Amita Manatunga

Amita Manatunga to deliver the 2020 E.L. Scott Lecture

Liza Levina (University of Michigan, Chair of the Award Committee) and Lance Waller (Emory University) write:

The COPSS Elizabeth L. Scott Award committee has awarded the 2020 award to Professor Amita Manatunga of Emory University. She was selected as this year’s recipient for her dedicated mentoring of the next generation of statisticians; committed leadership in expanding statistical opportunities for women and minorities at the individual, institutional, and professional society levels; and for excellence in biostatistical research.

The award will be presented at the 2020 JSM in Philadelphia, where Dr. Manatunga will also deliver the inaugural Scott Lecture: “Statistical Methods for Diagnosis of Complex Diseases with Complex Data.”

Dr. Manatunga is the Donna Jean Brogan Professor of Biostatistics and Bioinformatics in the Rollins School of Public Health at Emory University. She was born and raised in Sri Lanka and received her BS degree in physics and mathematics, with first class honors, from the University of Colombo, Sri Lanka. She earned her Master’s in statistics from Purdue University, and her PhD in statistics from the University of Rochester in 1990. Dr. Manatunga was an Assistant Professor of Biostatistics at Indiana University before joining Emory in 1994.
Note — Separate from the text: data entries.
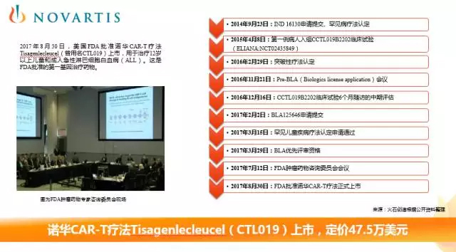 2017年8月30日,美国FDA批准诺华CAR-T疗法Tisagenlecleucel(曾用名CTL019)上市,用于复发或难治性儿童和年轻成人急性淋巴白血病(ALL),使之成为FDA批准的第一基因治疗药物。诺华为其定价47.5万美元。
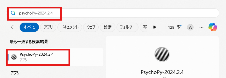 スタートでPsychoPyを検索して起動し、以下の画面が表示されていればOKです。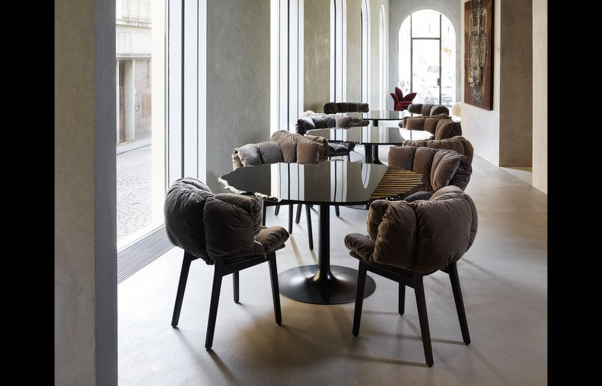 A splinter. A big fragment of faceted glass with a thick irregular edge that recalls the rugged coastline of the islands of the Egeo sea, from which it takes the name.

Dr. Manatunga’s research is inspired by the need for innovative statistical methods in important and complex public health problems. Three primary areas of application she has worked on include mental health, epidemiology, and nuclear medicine. She has made substantial methodological contributions in multiple areas including survival analysis, interpretation of diagnostic markers, agreement studies, and functional data. She has published over 125 peer-reviewed papers and been funded by numerous methodological and collaborative grants from the NIH. Dr. Manatunga is a recipient of many awards, including a FIRST award from NIH in 1996, and she was elected fellow of the ASA in 2004.

Throughout her career, Dr. Manatunga has served as a devoted mentor to many graduate students, junior faculty, and other researchers in biostatistics and the health sciences, with a special focus on helping early-career women. She has chaired the ASA Committee on Women in Statistics and the Gertrude Cox Scholarship for Women Award Committee, and is deeply involved in multiple diversity initiatives. She is a co-founder (in 2010) and consistent supporter of ENAR’s Diversity Caucus, and a frequent invited speaker at workshops aimed at increasing diversity. Her contributions to ENAR’s annual Fostering Diversity in Biostatistics Workshop, continuously since its inception, have had a lasting impact on the participants and many others who see her as a role model. Many of her former students are now in leadership positions in academia, government, and professional societies.

Dr. Manatunga’s Scott lecture, titled “Statistical Methods for Diagnosis of Complex Diseases with Complex Data,” will cover innovative statistical methods that address challenging problems in the diagnosis of complex diseases and characterization of their underlying mechanisms, in two specific contexts. One is mental disorders, complex and multifactorial conditions often lacking reliable tools for diagnosis. Multiple instruments are often used to quantify the same mental health trait, and combining them is a challenge. A statistical framework will be proposed for creating new scales and interpreting new instruments on different types of measurements. In a different setting, nuclear medicine practitioners collect and analyze diverse and complex clinical data to characterize kidney obstruction, including renal images, renogram curves and pharmacokinetic parameters. Due to lack of well-established and objective guidelines for analyzing these data, clinical judgment of kidney obstruction heavily depends on the experience of the radiologist and typically has poor inter-rater agreement. A statistical model will be presented to effectively integrate information from different modalities and produce accurate interpretations and stable predictions of kidney obstruction.